Your cloud requirements for big data business analytics are just as important. The main benefits of the cloud are elasticity, the ability to pay-as-you-go and not needing to manage the hardware on-premise. For example, a media company during normal times is able to meet its data processing needs using its own on-premise private cluster of 50 servers. However, around the time of major events such as the Super Bowl or FIFA World Cup, the volume of advertising impressions data needing to be processed may increase by 8-10x, so they can spill-up by temporarily adding another 200 servers in a public cloud, such as Amazon Web Services. Here are three things your big data analytics tool should be and have to run successfully in the cloud:

  1. Cloud provider agnostic: Look for an analytic tool that can be run on any cloud service, public or private.

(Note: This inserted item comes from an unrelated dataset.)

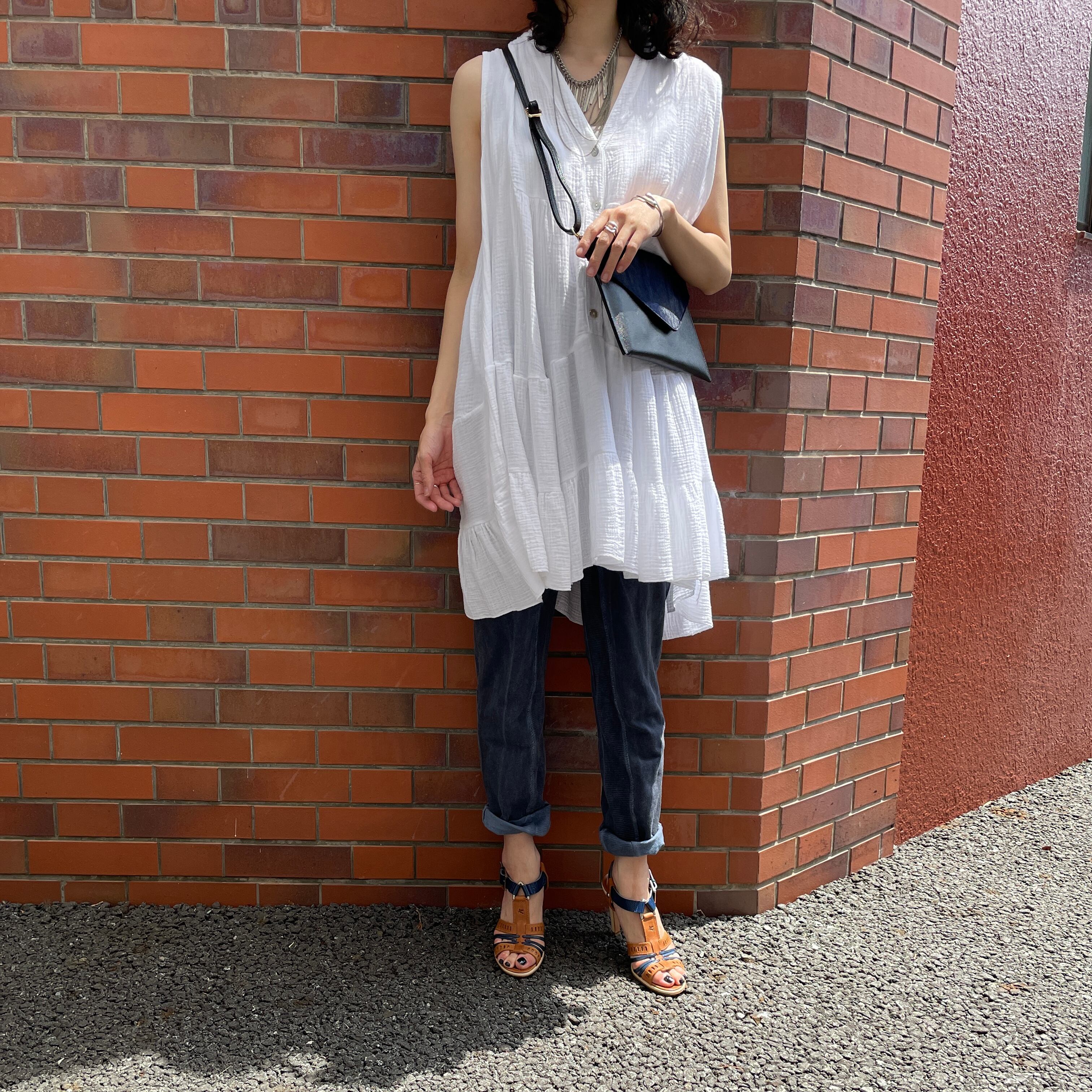 ワンピース: イタリア製 Aラインコットンノースリーブワンピース 4色(オレンジ/グレージュ/ピンク/ホワイト)
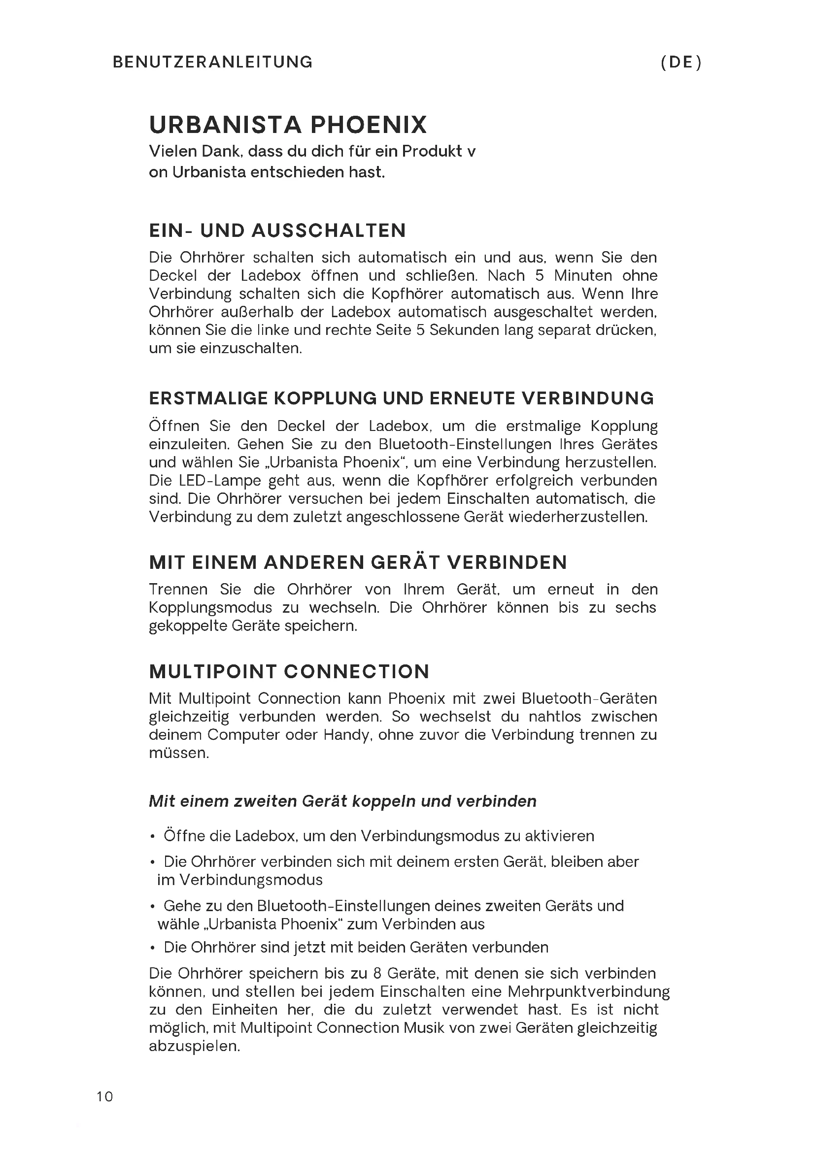 (ES)10 BENUTZERANLEITUNG (DE) URBANISTA PHOENIX Vielen Dank, dass du dich für ein Produkt v on Urbanista entschieden hast.

  2. Elastic: Make sure it is quick and easy to add computing resources at times of peak load, and reduce costs by reducing resources during normal times.
  3. Data communications bandwidth: Make sure you have the data communications pipes in place to efficiently move that raw big data up into the cloud. Chances are your big data sources – for example, web logs – are already in the cloud, in which case this might be as simple as copying the big data files from one cloud provider service to another.

In conclusion, the union of big data and the cloud is a strong one, if done effectively and efficiently. Big data provides the storage and data processing muscle to manage and analyze vast lakes of data, while the cloud provides pay-as-you-go and elastic computing resources ‘in the sky’ that can grow and shrink as your big data analytics needs change from week to week. Truly a blissful union.